In Mr. Peter Obi, the Mai Gaskiya philosophy re-awakens, not because Obi wears agbada with pomp, nor because he speaks in riddles or boasts entitlement. He walks lightly, speaks plainly, and governs with spreadsheets, not slogans. His adoption of the 170-point MDG governance matrix in Anambra wasn’t just technocratic, it was transformational. He built schools, equipped hospitals, and left office with billions in savings. That is Mai Gaskiya in action.

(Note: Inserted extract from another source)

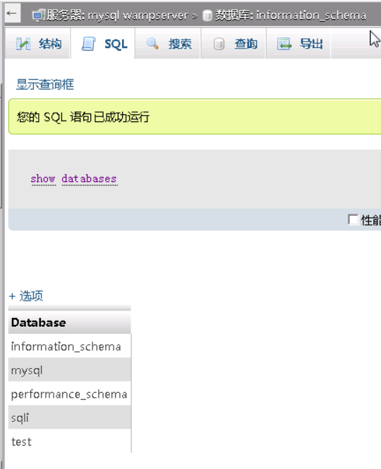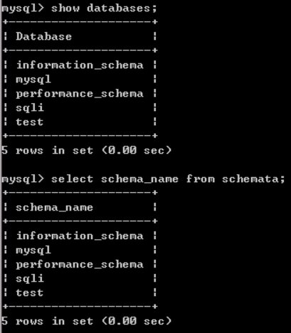 可以看到他们的作用是一样的,都是列出所有数据库,跟我们前面说的一样,SCHEMA_NAME字段保存了所有的数据库名。

*And Buhari saw it. His reported words to Obi “never forget the poor” were not just advice. They were anointing. A recognition that Obi, more than any other, understands the weight of leadership and the dignity of service.*
*But the old guard, the gatekeepers of the old order, are fighting back. Tinubu says emi lokan “It’s my turn.” Atiku claims the North won’t accept a Southern leader. Kwankwaso asserts Tinubu governs for the Yoruba alone. But Obi says: Nigeria belongs to all of us. He does not insult. He does not divide. He builds. And that’s why, in the eyes of many, he is not just a candidate, he is a movement.*
Mr Peter Obi aligning with firebrand Northern disruptors like Mallam El-Rufai and Datti Ahmed, has sent the old order quaking. In response, figures like Wike and Tinubu are desperate to recreate a national agbero economy, designed to scare away the moderates, just as they did in Lagos. Abuja and Edo are already kitted and on the mark. The Supreme Court fortified Monday Okpebholo. Rev. Fr. Alia, turned politician, has already sent a loud message. A veiled Funso Williams-style message of threat looms large.
They fear the popularity. They fear organic movements like the Obidient Movement. They fear Buhari’s 12.7 million loyalists. They fear what will become of the old order if any harm comes to Mr. Peter Obi. But popularity is not measured by noise, it is measured by trust. Obi’s rallies drew millions before campaigns even began. His name trended globally during the 2023 elections. His movement, decentralized and organic, mirrors the youth-led revolutions in Tunisia, Egypt, and Sudan. But unlike those, Obi’s movement is not just protest, it is proposal, it's a demand for something new.Not just anger, it is architecture. From Lagos to Kano, Accra to Nairobi, young Africans see in Obi a model of leadership that is principled, pragmatic, and possible. They see the rock upon which a New Africa will rise.
2027: The Year of Reckoning?
As Nigeria approaches another crossroads, the choice is clear: do we return to the politics of patronage, or do we embrace a New Nigeria where the son of a nobody can become somebody, without knowing anybody?
Peter Obi embodies that promise. He is not just the inheritor of Mai Gaskiya. He is its evolution. And with the combined strength of Buhari’s Northern base and the Obidient Movement’s youthful surge, he stands today as the most popular, and most consequential politician walking the African continent.
As the politics of coalition gathers momentum, the pendulum swings in PO’s favour. Forget the confusion brewing in the coalition. It is an intentional distraction. For the first time, APC and its paid propagandists are on the reactionary side. They dish out ethnic divisive rhetoric to a people held in a common grip by hunger and starvation. It’s a failed strategy, unmasking the emptiness of APC as a collective of people without compassion for the wreckage they’ve brought to Nigeria’s doorstep.
Nigerians are waiting at the threshold of 2027, and it won’t be politics as usual.
Dr. Ezeh Emmanuel Ezeh, an Oxford-trained entrepreneur, trade policy consultant, and public policy expert, is a member of the National Advisory Committee of the Obidient Movement. LP 2023 House of Representatives Candidate for Abakaliki/Izzi Federal Constituency.